My home email
You can download my standard resume in Microsoft Word format
here. The following content
expands on the basic resume theme by providing more details.
I am a computer professional with many years of embedded software engineering experience most of which is in wireless communications of one sort or another. I specialize in solving problems related to embedded systems - not just hacking out code.
I am now working for PolarSat which manufactures satellite communication equipment. I feel lucky to find work in my field: there is little modem related design work being done in North America. Satellite communication is a different animal than land based wireless, being high speed, high bandwidth and of course suffers a huge propagation delay on an expensive leased channel. I will post more details after a few more months experience with them and get past the transitional learning curve.
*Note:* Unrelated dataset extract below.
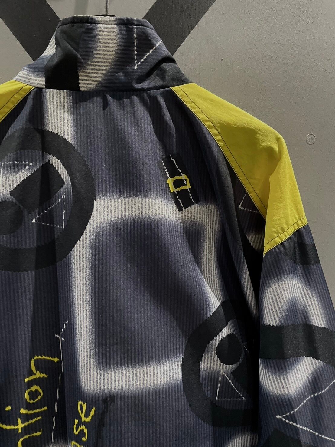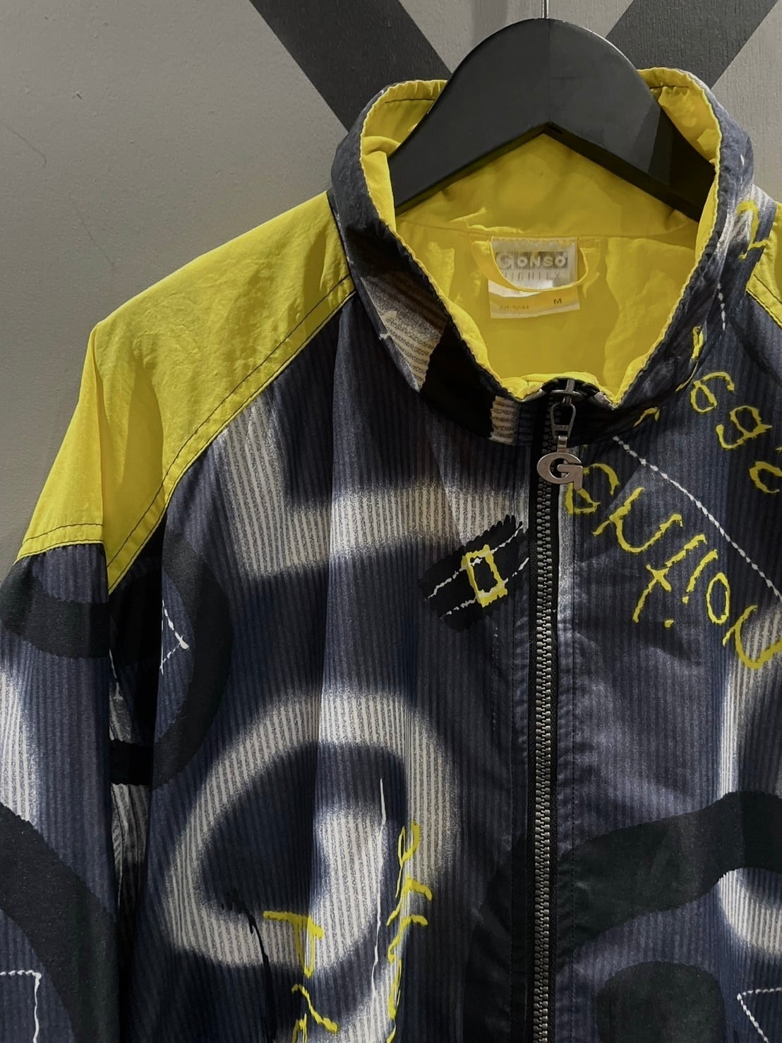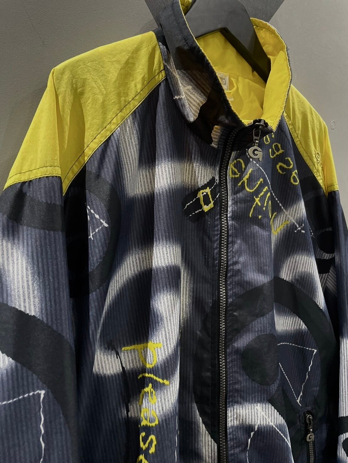 グレー×白×黒のモノトーンをベースに、イエローを差し込んだ美しいカラーリングで文字や抽象的な柄を全面に配したナイロンジャケット。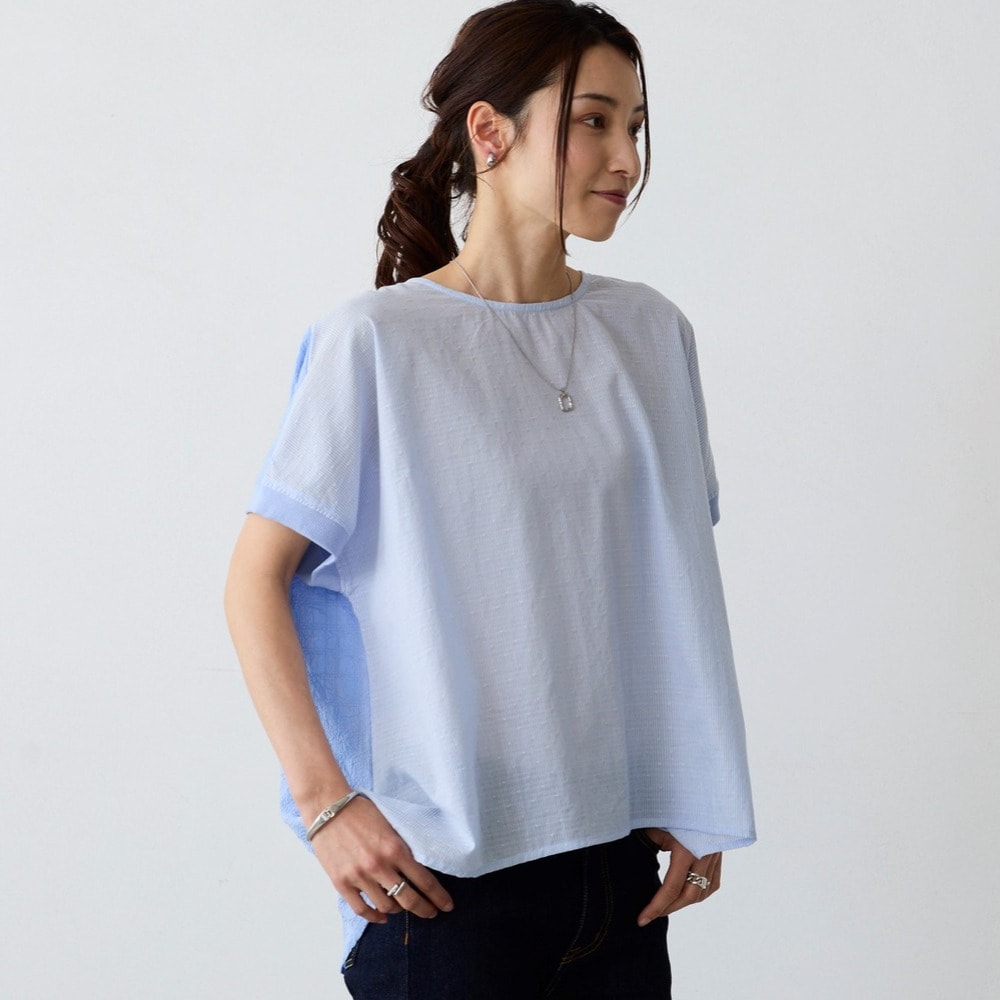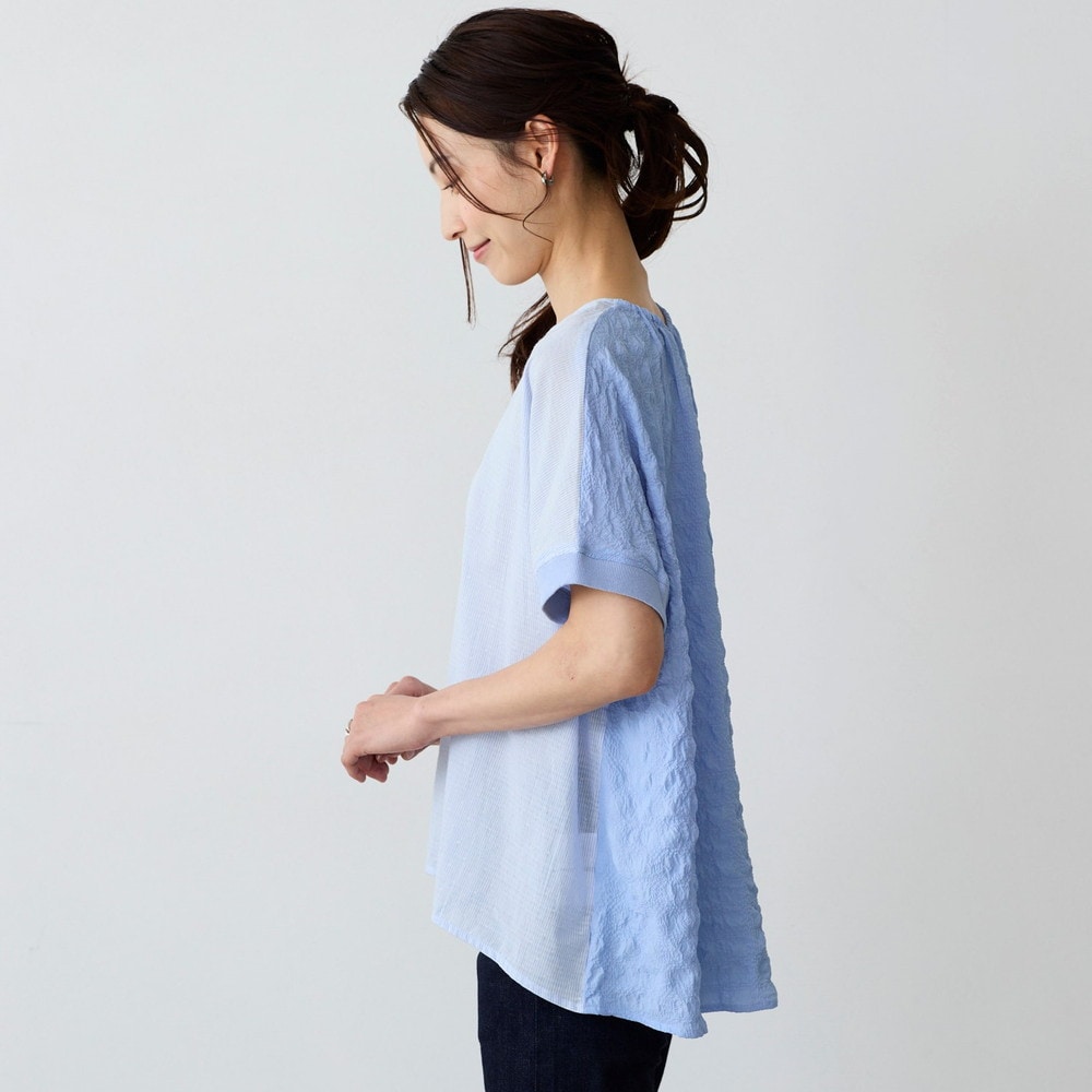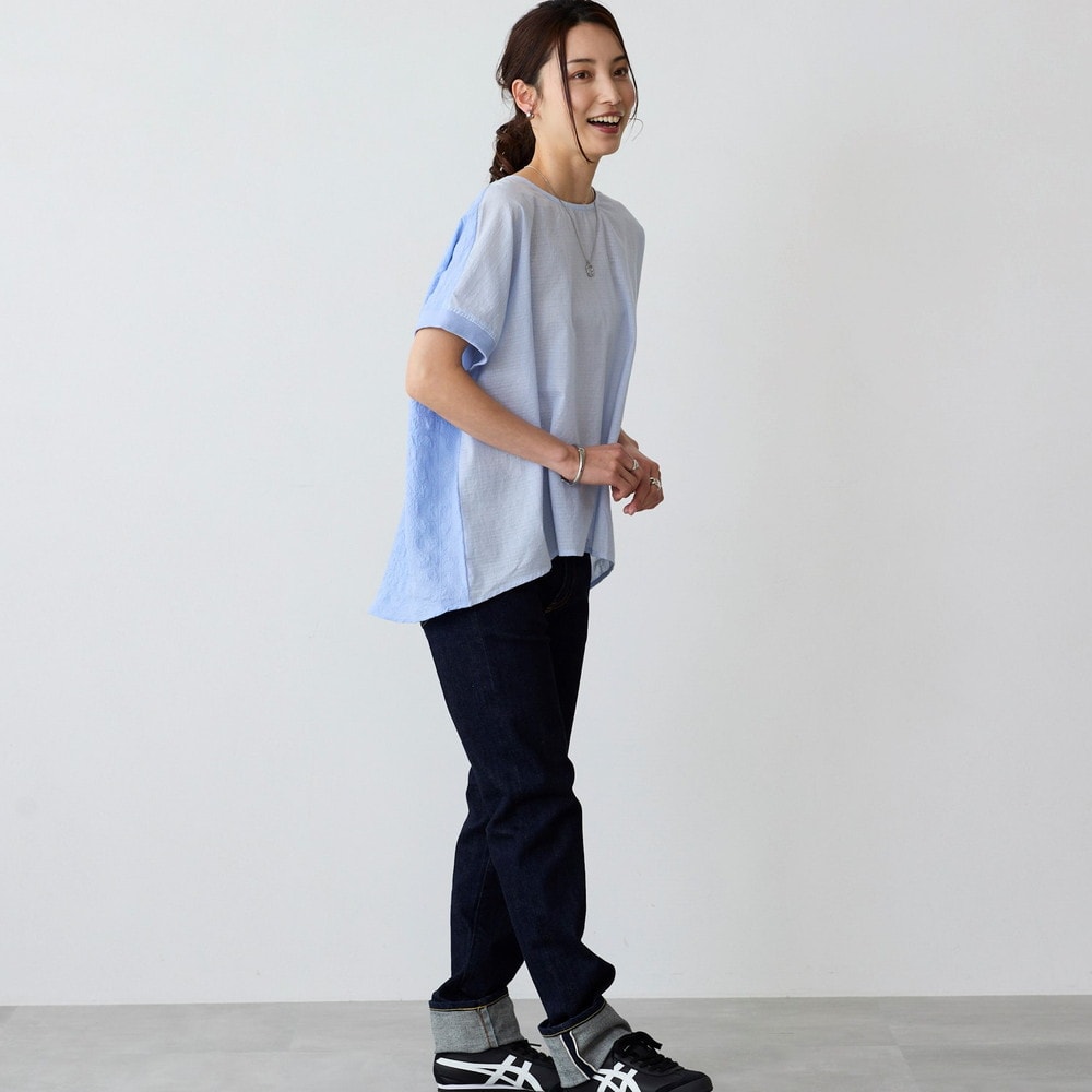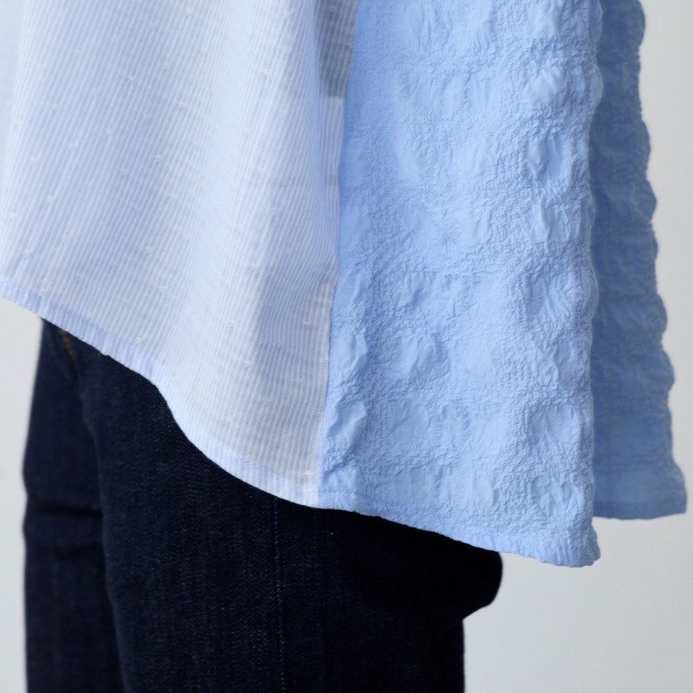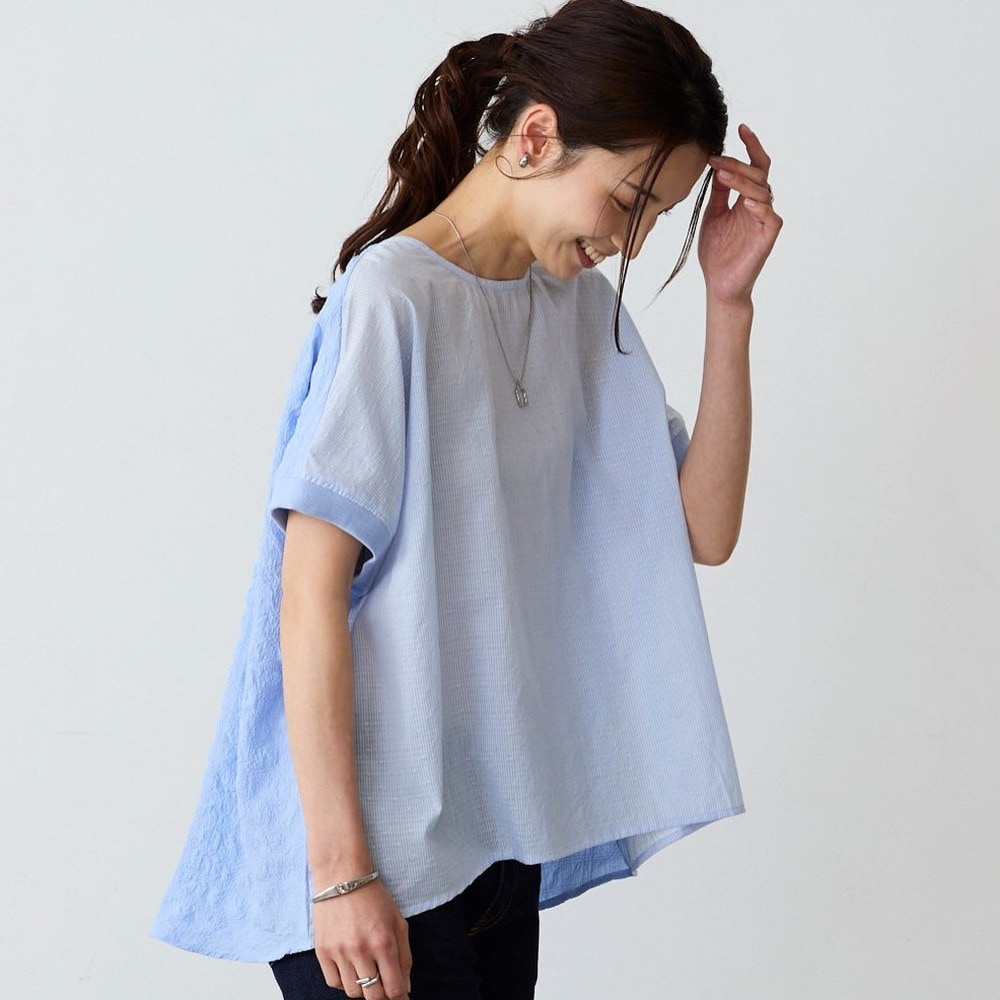 異素材の切替えで魅せる体型カバーブラウス

I have led quite a few projects. I used to wing it and was good at it, now we have the project managers book of knowledge (PMBOK) which formalizes the process - but good data is still required to make good decisions. Software engineering is different from other sciences as there are few basic physical laws governing the software domain. Trade-offs are still quality, time and cost. That said, I have always had a good intuitive feel for projects. I am able to move into a new fields with little difficulty as I have a broad background in technology to start with. You can't pull the wool over my eyes - I know hype when I hear it.
A significant part of my career has been in the proprietary wireless world at Dataradio. I started with simple modem control software and progressed to designing RF MAC's and other algorithms related to the bottom 2 or 3 layers of the RF OSI stack. Others (with PHD's in math) did the channel coding in dedicated DSP's. These products always ran on proprietary hardware. There is an awful lot of technology in the wireless world. While we were doing this wireless hardware technology rushed to the forefront and went ballistic for speed at the cost of range. Thus cellular, 3G+ data and 802.11 and 16 technology drove the hardware to very low cost but very short life cycles. Dataradio's compromises were for range and reliability first then speed as most sales were into the SCADA market which has a long industrial life.
Project and team management (SW and HW)
Planning & designing embedded systems (most recently proprietary wireless)
Real time driver design and coding for performance
Debugging s/w and h/w issues
Wireless MAC's and mesh routing design and implementation (now unfortunately becoming exclusively VHDL in custom chips costing $10)
Pre Sales and Post Sales technical support for tech products
Customer advocacy (and the out of box experience)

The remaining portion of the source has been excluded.